--- START ---

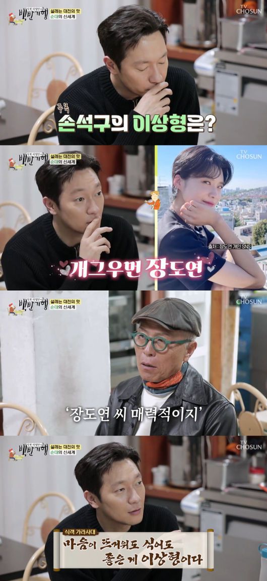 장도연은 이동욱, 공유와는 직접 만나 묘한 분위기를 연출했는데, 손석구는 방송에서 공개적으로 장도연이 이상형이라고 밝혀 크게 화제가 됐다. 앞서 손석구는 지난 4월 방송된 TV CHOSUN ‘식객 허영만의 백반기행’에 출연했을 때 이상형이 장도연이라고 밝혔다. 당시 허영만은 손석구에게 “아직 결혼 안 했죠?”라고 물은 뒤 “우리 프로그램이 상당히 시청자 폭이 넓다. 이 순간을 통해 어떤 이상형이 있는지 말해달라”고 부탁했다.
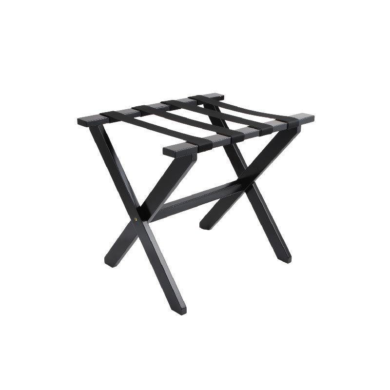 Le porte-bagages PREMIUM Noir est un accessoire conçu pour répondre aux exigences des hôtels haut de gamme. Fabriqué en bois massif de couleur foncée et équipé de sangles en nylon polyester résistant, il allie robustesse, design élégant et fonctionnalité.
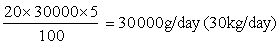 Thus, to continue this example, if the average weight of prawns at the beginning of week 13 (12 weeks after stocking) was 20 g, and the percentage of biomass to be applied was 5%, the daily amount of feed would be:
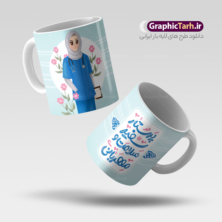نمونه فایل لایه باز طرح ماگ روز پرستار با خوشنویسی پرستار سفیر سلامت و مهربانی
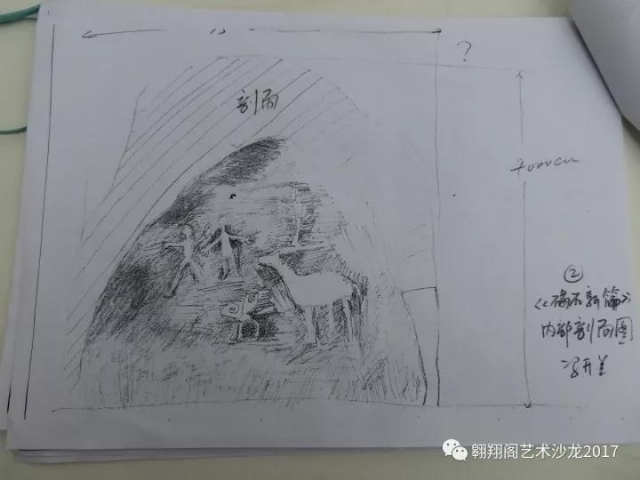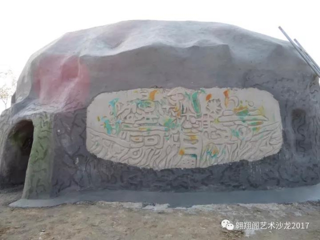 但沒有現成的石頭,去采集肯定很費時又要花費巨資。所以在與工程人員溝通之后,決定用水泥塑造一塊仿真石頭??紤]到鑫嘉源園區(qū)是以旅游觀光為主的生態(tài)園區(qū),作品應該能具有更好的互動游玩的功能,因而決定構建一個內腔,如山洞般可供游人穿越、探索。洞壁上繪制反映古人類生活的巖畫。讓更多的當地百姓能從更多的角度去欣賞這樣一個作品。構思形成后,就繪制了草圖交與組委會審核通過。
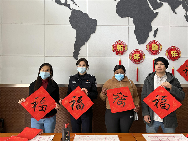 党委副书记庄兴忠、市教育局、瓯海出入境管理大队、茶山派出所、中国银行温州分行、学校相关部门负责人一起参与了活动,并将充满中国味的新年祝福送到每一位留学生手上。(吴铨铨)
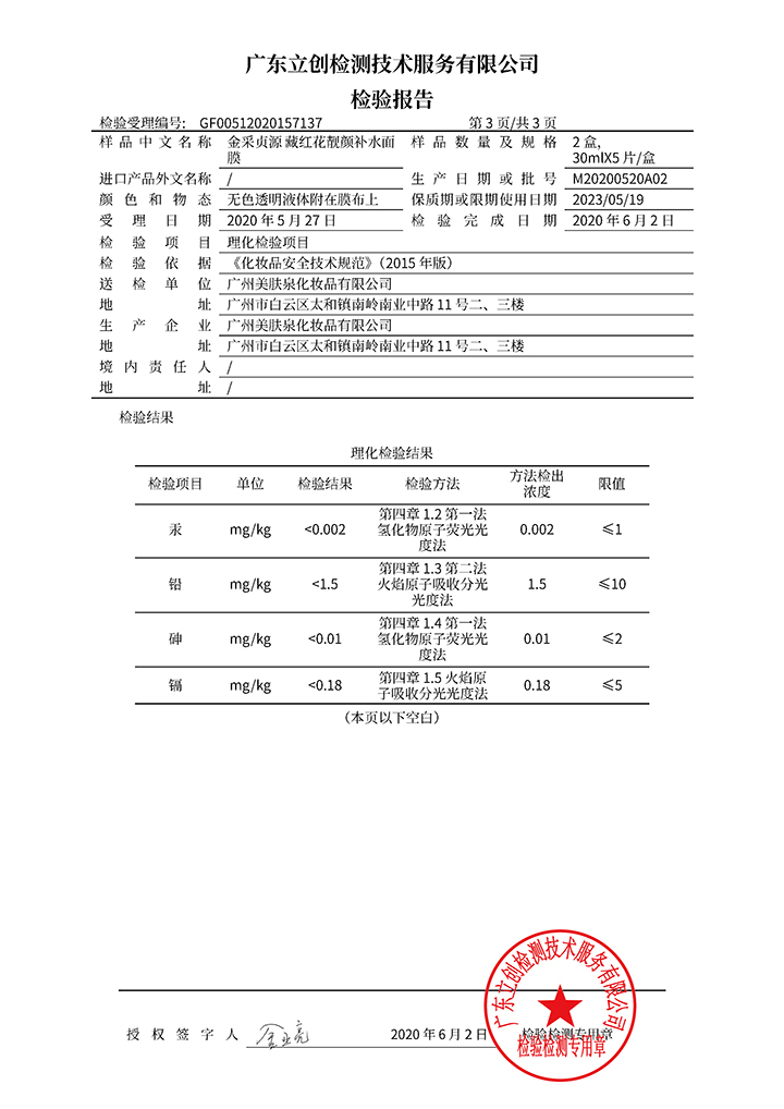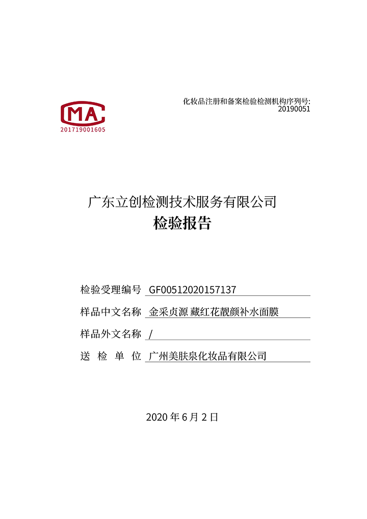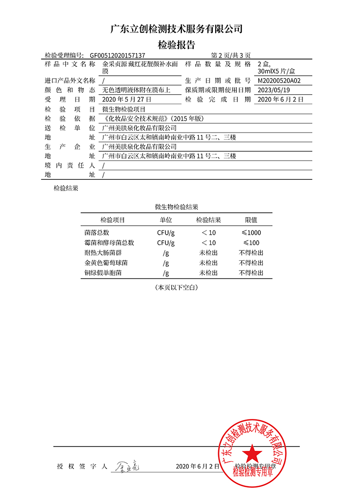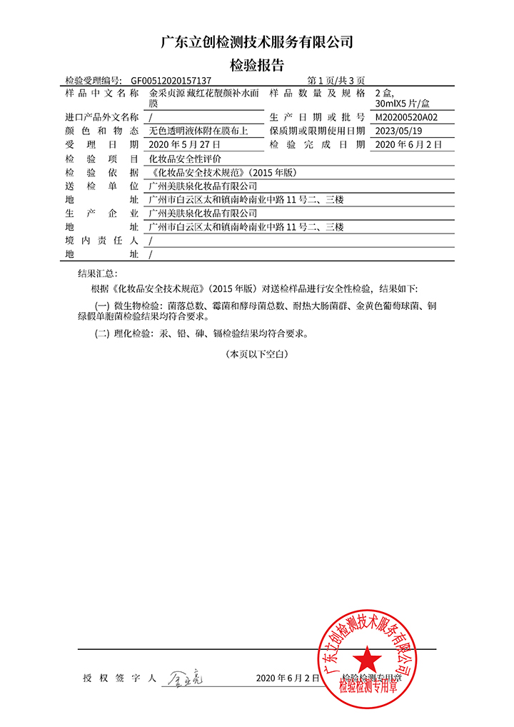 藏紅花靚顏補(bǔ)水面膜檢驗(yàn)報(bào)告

--- END ---

--- Your instructions ---
From the listing above, repeat only the lines between the line containing "Le porte-bagages PREMIUM Noir est" and the line containing "نمونه فایل لایه", those two included. Pictures are not part of the copy.

--- Solution to this problem ---
 Le porte-bagages PREMIUM Noir est un accessoire conçu pour répondre aux exigences des hôtels haut de gamme. Fabriqué en bois massif de couleur foncée et équipé de sangles en nylon polyester résistant, il allie robustesse, design élégant et fonctionnalité.
 Thus, to continue this example, if the average weight of prawns at the beginning of week 13 (12 weeks after stocking) was 20 g, and the percentage of biomass to be applied was 5%, the daily amount of feed would be:
نمونه فایل لایه باز طرح ماگ روز پرستار با خوشنویسی پرستار سفیر سلامت و مهربانی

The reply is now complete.